あらゆる地形を克服し、橋梁を架設できる部隊を目指す
浮橋等架設訓練については、東北地区全域で実施された「みちのくALERT2024」の枠組みの中で実施され、101施設器材隊、104施設器材隊架橋中隊との協同により、浮橋、パネル橋MGBを架設し、協同架設能力の向上を図った。
演習想定における孤立地域の災害応急対策活動として、自治体の要望、上級部隊からの命令に基づき、石巻市北上川で、崩壊した橋梁の代替として92式浮橋による浮橋架設を実施するとともに、仙台市広瀬川で、パネル橋MGBによる中間橋脚を使用した2径間橋架設を実施した。

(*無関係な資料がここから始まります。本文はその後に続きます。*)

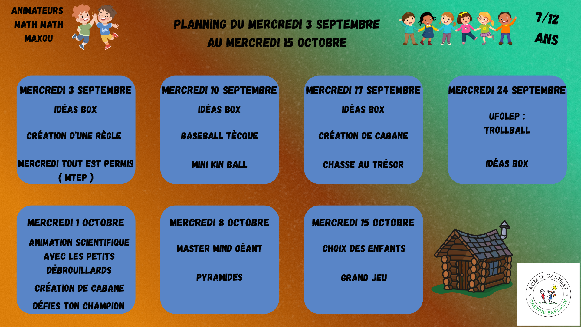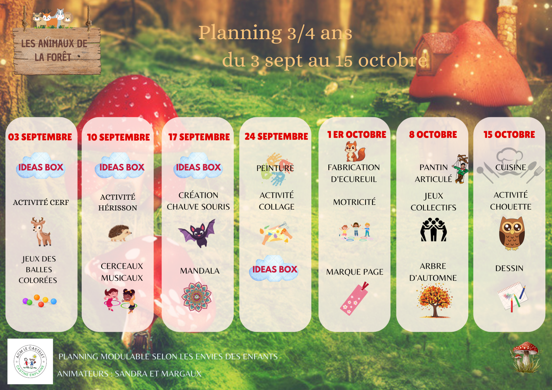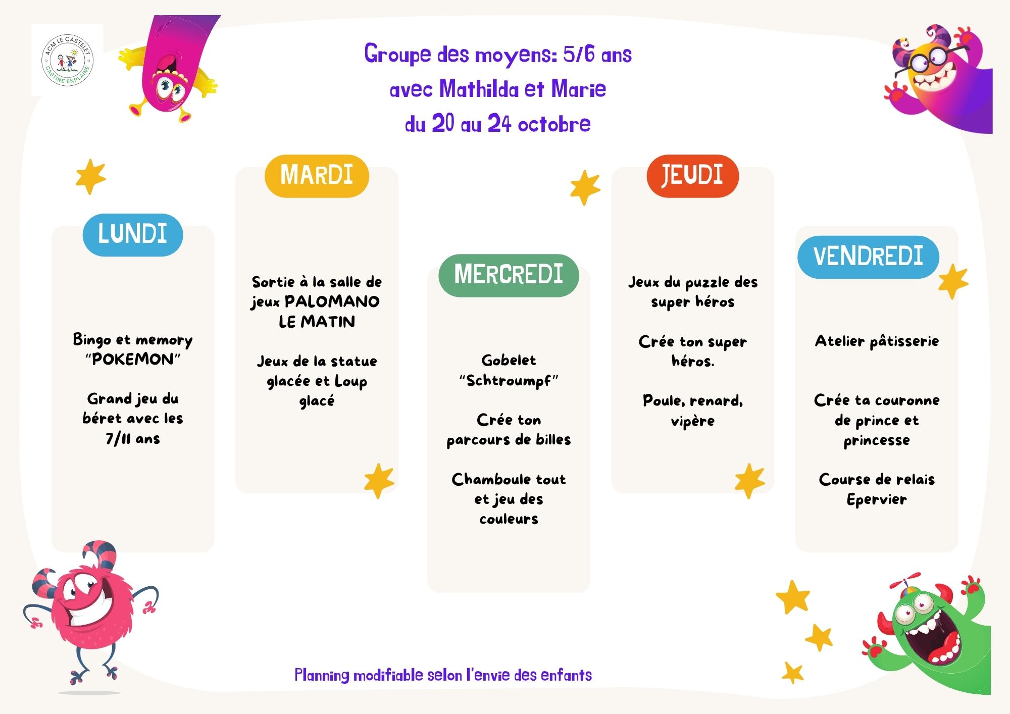 Le Centre de Loisirs est ouvert tous les mercredis et pendant les vacances scolaires de 7h30 à 18h30.

パネル橋MGBの構築では、車高の低い民間車両の進入進出路を確保するため、軟弱地盤、護岸の段差などに対し、道路マット、ボーク、応用資材などを活用した橋梁の架設に着意し、警察車両などの通過を実施するとともに、DX検証として、3施設団本部付隊の支援により、架設地域のドローンによる写真測量を実施して地形のデジタル化を推進し、大きな成果を得ることができた。
105施設器材隊は「今後も、本訓練で得た成果を踏まえ、あらゆる地形を克服し、橋梁を架設できる部隊を目指し、『プロフェッショナル』としての誇りを持って任務に邁進していく」としている。
<編集部より>
陸上自衛隊の「縁の下の力持ち」たる施設科の器材隊は戦闘部隊を支援するため、重機などの各種施設器材で障害の構成・処理や陣地の構築、渡河、道路整備、架橋など、さまざまな作業を行います。
いざという時、車両や人員がスムーズに移動ができるよう、あらゆる事態を想定し、万一の時には「いざ、鎌倉!」的に行動を移す、とても重要な役割を担っているのです。
本日(12月19日付)2面では、南恵庭駐屯地に所在する105施設器材隊が「令和6年度浮橋等架設訓練」に参加し、浮橋やパネル橋MGBを架設し、協同架設能力の向上を図りました。
訓練は、東北方面隊が主催した総合防災訓練「みちのくALERT2024」の枠組みの中で、スクラムを組んだのは同じ業務の「仲間」である101施設器材隊と104施設器材隊架橋中隊の2個部隊。紙面では船岡駐に所在する104隊の報告と合わせて紹介しました。
今回の任務の中ではとくに、パネル橋MGBに注目してみました。
防衛省などによれば、橋の耐久重量が従来のパネル橋の半分程度に抑えられる「優れもの」とされ、90式戦車も通過が可能といわれています。東日本大震災(平成23年)でも、落橋した国道の橋で架橋され、工事車両の通行などの復旧活動に大きな役割を果たしたことでも知られています。
今回、105隊は車高の低い民間車両進入・進出路を確保し、警察車両などの通過を実施したり、DX検証として架設地域のドローンによる写真測量を行うことで「地形のデジタル化」も推進していました。架橋、架設一つをとっても技術の進歩が進んでいることの表れであり、それは非常事態などで大きなプラス材料となるのだと思います。
「あらゆる地形を克服し、橋梁を架設できる『プロフェッショナル』としての誇りを持つ」。105隊のコメントには、「後方支援」という裏方ではあるものの、なくてはならない存在であり続ける、という強烈な意識と責任感を感じざるを得ません。
「戦いの場」にはせ参じようとしても、道路が使えず、川を通らなければ向こう岸にたどり着けない橋が落橋・損傷していたら、それもかないません。普通科などの前線部隊をサポートする、こうした施設科部隊はあまり、知られていないのが実情ですが、防衛日報社はその任務の重要性を多くの人たちにお伝えしたくて、とくに注目し続けています。